MEMO: #StandWithPelosi

TO: Interested Parties
FROM:
Corry Bliss, CLF Executive Director
DATE: June 27, 2017
RE: #StandWithPelosi 

SUMMARY  

In preparation for 2018, Congressional Leadership Fund (CLF) commissioned polling in 11 competitive congressional districts nationwide as it launches its national field program. While results pointed to different sets of key issues from one district to the next, we did find a common denominator: Nancy Pelosi. The surveys, conducted in the last 60 days and across eight states, all found Minority Leader Nancy Pelosi’s image underwater. This, coupled with the 2017 special election results, prove that Nancy Pelosi continues to be a huge liability for Democratic candidates.

Where it Matters: Pelosi and Her Agenda are Toxic  

Voters see a stark contrast between a House of Representatives led by Nancy Pelosi versus a House led by Speaker Paul Ryan. Across the country, voters strongly disapprove of Nancy Pelosi’s policies and the Democratic brand of extremist protests and out-of-touch liberal elitism. For example, in Georgia’s Sixth Congressional District, when asked, over 60 percent of voters preferred a member of Congress who would work with Speaker Ryan, while only 28 percent chose Nancy Pelosi.

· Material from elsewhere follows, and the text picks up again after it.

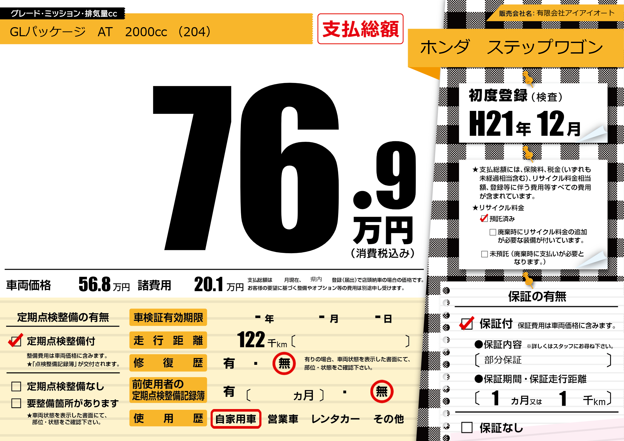 | 車名 | ホンダ ステップワゴン | グレード ミッション 排気量 |

National polls regularly show Nancy Pelosi is disliked not only by Republicans and Independents alike, but also among Democrats. The Washington Post reports:

Quinnipiac poll last month, in fact, showed exactly 50 percent of registered voters had an unfavorable view of Pelosi, versus just 30 percent who had a favorable one. Even among Democrats, about 1 in 5 (19 percent) didn’t like Pelosi. Additionally, independents were overwhelmingly anti-Pelosi, with 58 percent disliking her and 23 percent holding a positive view of her.

Unfortunately for Democrats, Pelosi is even more unpopular than those national numbers in many of the districts that matter in 2018. Further, out of the 11 districts CLF polled, all but one (MT-AL) are part of the Democratic Congressional Campaign Committee’s list of target seats to win next November. As Democrats eye the Republican delegation in Pelosi’s home state of California, polls show that in four of the seven districts Democrats listed as top targets have Pelosi’s image ranging from 44 percent to 52 percent unfavorable. Worse, in Nebraska’s Second Congressional District, Pelosi’s negatives jump to a whopping 60 percent. A breakdown by district is included below.

Numerous news organizations have highlighted how effective Republicans have been in using Pelosi’s unpopularity against the Democratic candidate since 2010. A few below:

The Washington Post: Pelosi’s image appeared in almost every ad run by Handel, the National Republican Congressional Committee and its affiliated super PAC, the Congressional Leadership Fund. It was reminiscent of the 2010 campaign, when she was House speaker, and her advisers estimated that more than $50 million worth of negative ads ran citing her. That year, Democrats lost 63 seats along with the majority. Seven years later, Pelosi remains a polarizing enough figure that she never appears publicly in a highly contested House race… 

The Washington Post: The outcome demonstrated that two political fundamentals remain true: Attack ads work, and candidates matter. Nancy Pelosi was a huge drag on Ossoff. The most prominent and effective hit on the Democratic candidate was to tie him to the congresswoman from San Francisco. The Congressional Leadership Fund, a super PAC aligned closely with Ryan, spent more than $7 million in Georgia. 

The New York Times:That vague message, Democrats said Wednesday, was plainly not powerful enough to counter an onslaught of Republican advertising that cast Mr. Ossoff as a puppet of liberal national Democrats, led by Ms. Pelosi, an intensely unpopular figure on the right and a longstanding target of Republican attacks. But in a possible omen, the first Democratic candidate to announce his campaign after the Georgia defeat immediately vowed not to support Ms. Pelosi for leader.

CNN: Republicans’ ability to effectively use Pelosi as their bogeyman in Georgia was especially stark when contrasted with the Democrats’ tactics there.

Lessons Learned: #StandWithPelosi in 2018

Americans’ negative view of Pelosi is not about personality but rather the ideas, values and policies she represents. Voters associate Pelosi with higher taxes, bigger government, the failures of Obamacare and the dangerous Iran deal. The recent special elections continue to show that when voters learn about a candidate’s ties to Nancy Pelosi and her agenda – they reject it. It’s simple, Americans are tired of an out-of-touch and elitist Democratic Party led by Nancy Pelosi.

CONCLUSION

Both polling and several recent elections demonstrate that voters across the country do not support Nancy Pelosi’s liberal agenda. During the 2018 cycle, CLF will spend millions of dollars highlighting Nancy Pelosi’s toxic agenda and reminding voters across the country that Democratic candidates are nothing more than rubber stamps for her out-of-touch, liberal policies.